**DIRECTIONS:** In this exercise, write out the data word for word and leave every image out.

**STORED DATA:**
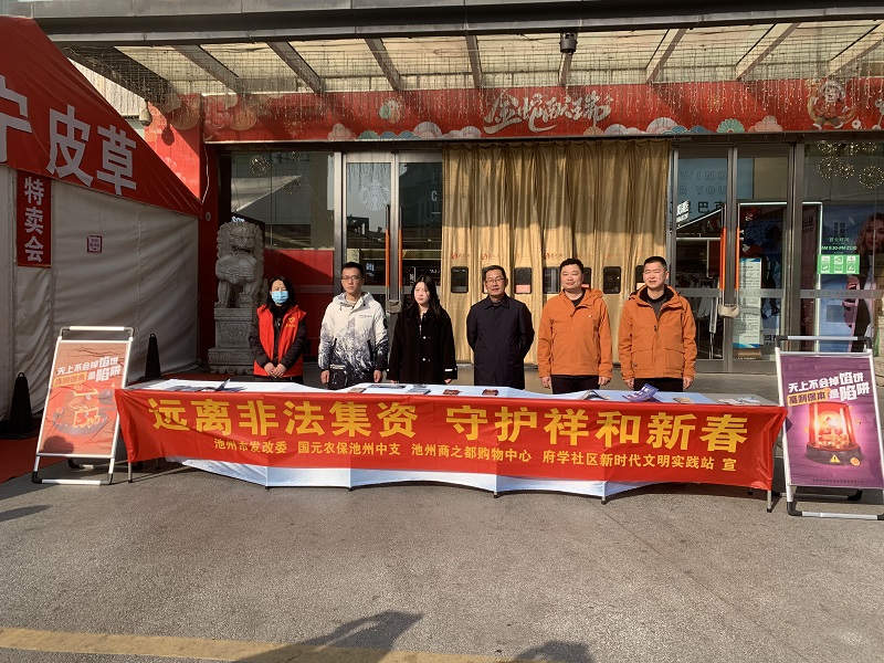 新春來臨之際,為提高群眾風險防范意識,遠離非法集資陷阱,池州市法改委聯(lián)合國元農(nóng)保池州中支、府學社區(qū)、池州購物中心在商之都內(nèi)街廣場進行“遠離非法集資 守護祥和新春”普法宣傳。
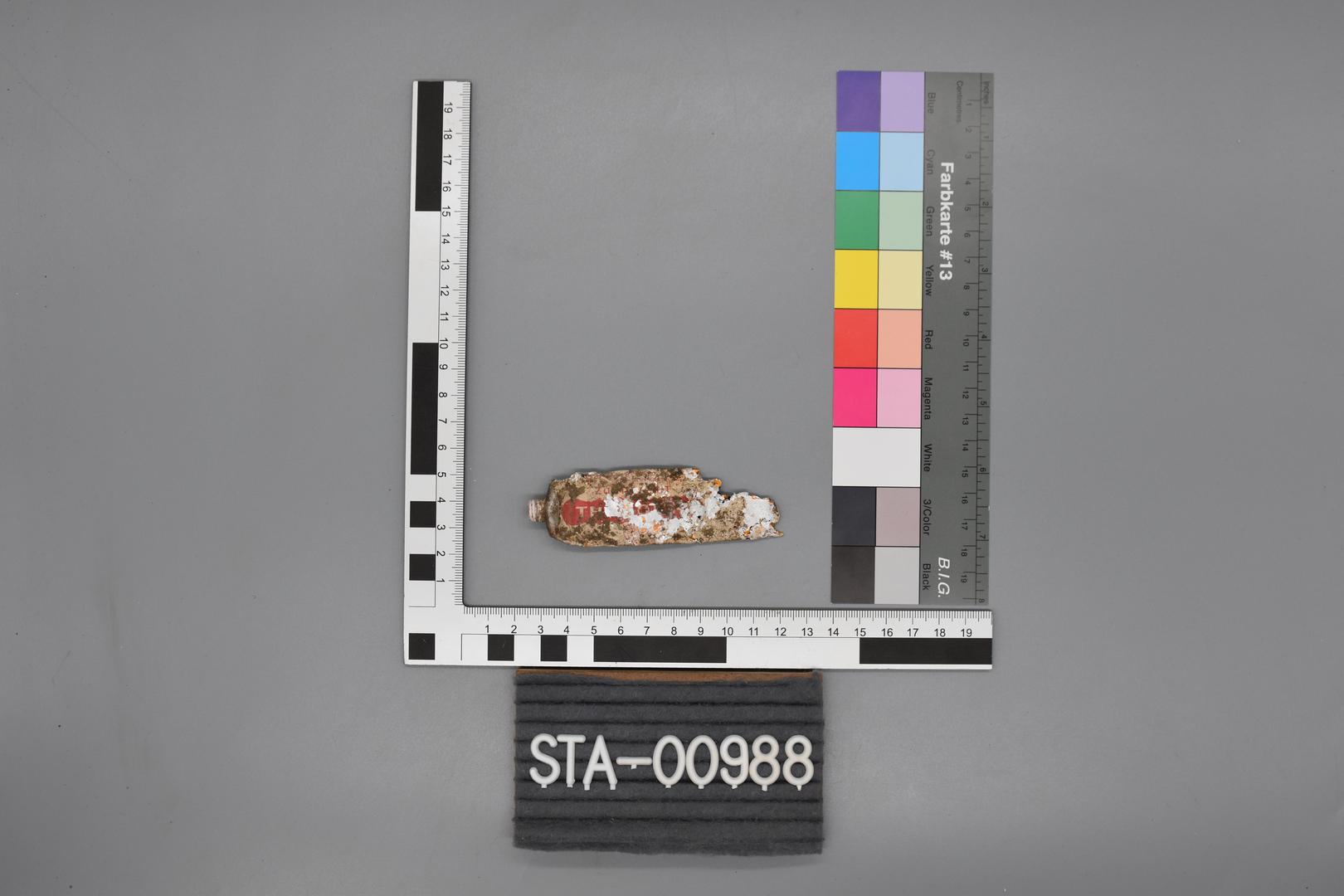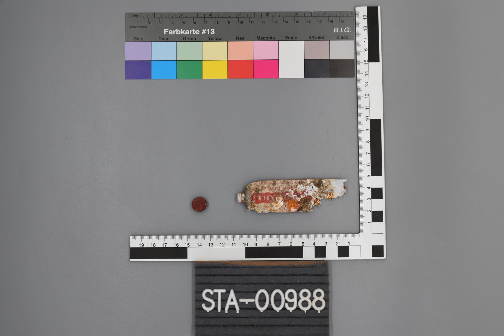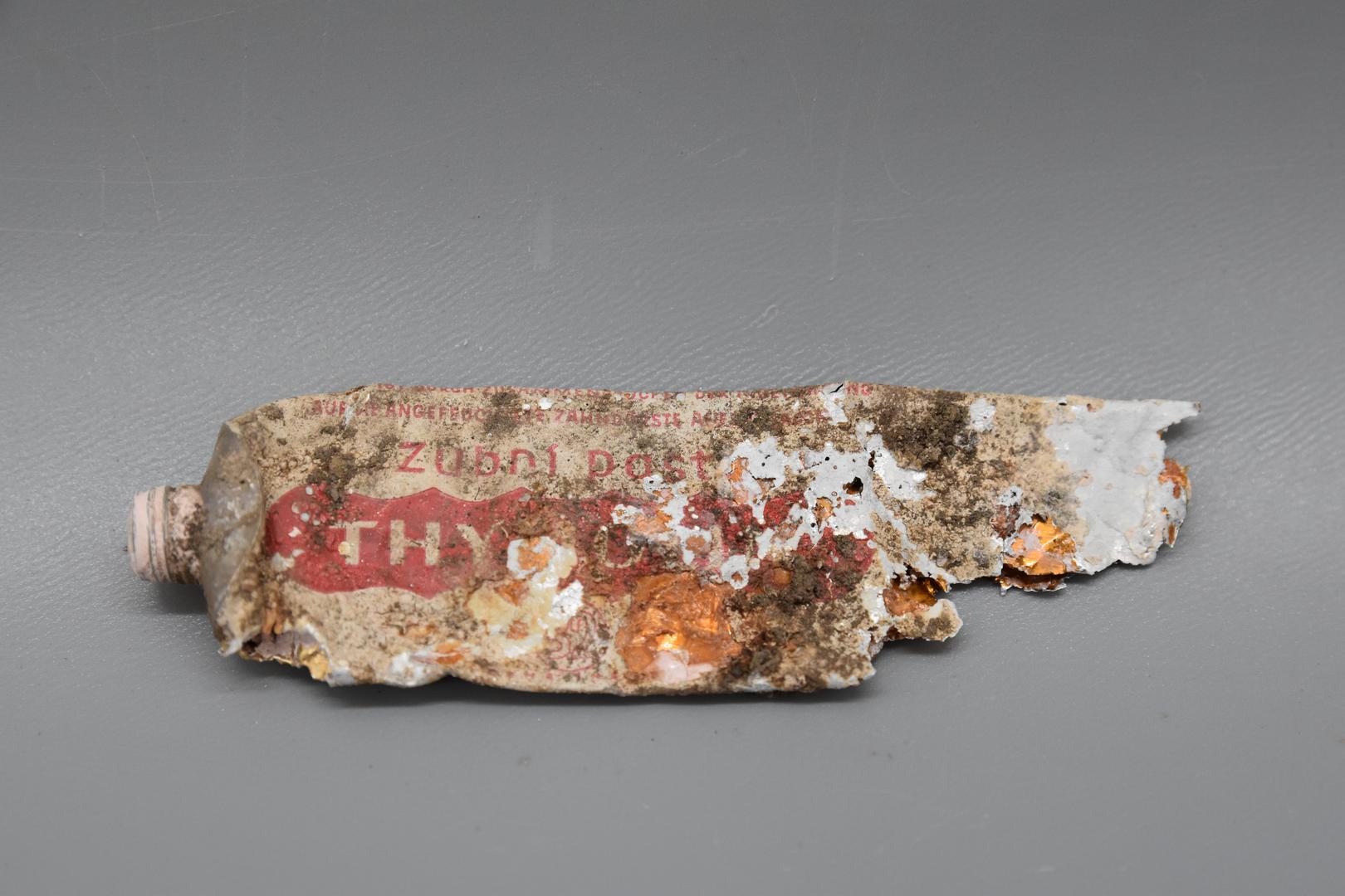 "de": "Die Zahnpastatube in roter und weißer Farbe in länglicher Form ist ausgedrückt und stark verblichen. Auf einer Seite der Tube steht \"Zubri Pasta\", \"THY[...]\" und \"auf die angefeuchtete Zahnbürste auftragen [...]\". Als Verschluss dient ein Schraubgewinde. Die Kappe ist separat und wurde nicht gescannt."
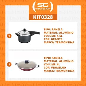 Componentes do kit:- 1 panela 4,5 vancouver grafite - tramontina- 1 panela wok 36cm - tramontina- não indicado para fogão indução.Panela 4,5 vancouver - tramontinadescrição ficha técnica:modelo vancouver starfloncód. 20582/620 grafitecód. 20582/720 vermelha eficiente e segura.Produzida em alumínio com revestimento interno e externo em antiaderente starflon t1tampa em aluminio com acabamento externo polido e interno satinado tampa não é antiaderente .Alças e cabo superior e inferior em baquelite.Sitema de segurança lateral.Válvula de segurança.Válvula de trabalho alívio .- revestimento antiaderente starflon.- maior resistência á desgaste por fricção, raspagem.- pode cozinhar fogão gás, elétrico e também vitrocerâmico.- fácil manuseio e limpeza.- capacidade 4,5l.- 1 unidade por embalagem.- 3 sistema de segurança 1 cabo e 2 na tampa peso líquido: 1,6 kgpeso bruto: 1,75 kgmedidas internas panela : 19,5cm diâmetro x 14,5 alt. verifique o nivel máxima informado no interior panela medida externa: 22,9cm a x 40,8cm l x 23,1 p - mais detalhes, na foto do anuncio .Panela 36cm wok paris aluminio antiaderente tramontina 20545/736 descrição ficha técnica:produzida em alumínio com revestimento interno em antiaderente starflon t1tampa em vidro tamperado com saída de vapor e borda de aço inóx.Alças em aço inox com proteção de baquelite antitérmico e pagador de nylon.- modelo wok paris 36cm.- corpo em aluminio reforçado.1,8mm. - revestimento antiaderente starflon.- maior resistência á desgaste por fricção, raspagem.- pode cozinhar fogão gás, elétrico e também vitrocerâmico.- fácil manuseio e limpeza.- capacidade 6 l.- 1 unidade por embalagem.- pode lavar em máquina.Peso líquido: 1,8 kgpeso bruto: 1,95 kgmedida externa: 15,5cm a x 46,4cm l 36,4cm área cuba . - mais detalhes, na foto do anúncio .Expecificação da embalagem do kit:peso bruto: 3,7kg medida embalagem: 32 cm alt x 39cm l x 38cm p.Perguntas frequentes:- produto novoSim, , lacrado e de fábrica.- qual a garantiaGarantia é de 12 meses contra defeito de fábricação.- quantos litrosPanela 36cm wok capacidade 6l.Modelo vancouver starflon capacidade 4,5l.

**TASK SOLUTION:**
 新春來臨之際,為提高群眾風險防范意識,遠離非法集資陷阱,池州市法改委聯(lián)合國元農(nóng)保池州中支、府學社區(qū)、池州購物中心在商之都內(nèi)街廣場進行“遠離非法集資 守護祥和新春”普法宣傳。
 "de": "Die Zahnpastatube in roter und weißer Farbe in länglicher Form ist ausgedrückt und stark verblichen. Auf einer Seite der Tube steht \"Zubri Pasta\", \"THY[...]\" und \"auf die angefeuchtete Zahnbürste auftragen [...]\". Als Verschluss dient ein Schraubgewinde. Die Kappe ist separat und wurde nicht gescannt."
 Componentes do kit:- 1 panela 4,5 vancouver grafite - tramontina- 1 panela wok 36cm - tramontina- não indicado para fogão indução.Panela 4,5 vancouver - tramontinadescrição ficha técnica:modelo vancouver starfloncód. 20582/620 grafitecód. 20582/720 vermelha eficiente e segura.Produzida em alumínio com revestimento interno e externo em antiaderente starflon t1tampa em aluminio com acabamento externo polido e interno satinado tampa não é antiaderente .Alças e cabo superior e inferior em baquelite.Sitema de segurança lateral.Válvula de segurança.Válvula de trabalho alívio .- revestimento antiaderente starflon.- maior resistência á desgaste por fricção, raspagem.- pode cozinhar fogão gás, elétrico e também vitrocerâmico.- fácil manuseio e limpeza.- capacidade 4,5l.- 1 unidade por embalagem.- 3 sistema de segurança 1 cabo e 2 na tampa peso líquido: 1,6 kgpeso bruto: 1,75 kgmedidas internas panela : 19,5cm diâmetro x 14,5 alt. verifique o nivel máxima informado no interior panela medida externa: 22,9cm a x 40,8cm l x 23,1 p - mais detalhes, na foto do anuncio .Panela 36cm wok paris aluminio antiaderente tramontina 20545/736 descrição ficha técnica:produzida em alumínio com revestimento interno em antiaderente starflon t1tampa em vidro tamperado com saída de vapor e borda de aço inóx.Alças em aço inox com proteção de baquelite antitérmico e pagador de nylon.- modelo wok paris 36cm.- corpo em aluminio reforçado.1,8mm. - revestimento antiaderente starflon.- maior resistência á desgaste por fricção, raspagem.- pode cozinhar fogão gás, elétrico e também vitrocerâmico.- fácil manuseio e limpeza.- capacidade 6 l.- 1 unidade por embalagem.- pode lavar em máquina.Peso líquido: 1,8 kgpeso bruto: 1,95 kgmedida externa: 15,5cm a x 46,4cm l 36,4cm área cuba . - mais detalhes, na foto do anúncio .Expecificação da embalagem do kit:peso bruto: 3,7kg medida embalagem: 32 cm alt x 39cm l x 38cm p.Perguntas frequentes:- produto novoSim, , lacrado e de fábrica.- qual a garantiaGarantia é de 12 meses contra defeito de fábricação.- quantos litrosPanela 36cm wok capacidade 6l.Modelo vancouver starflon capacidade 4,5l.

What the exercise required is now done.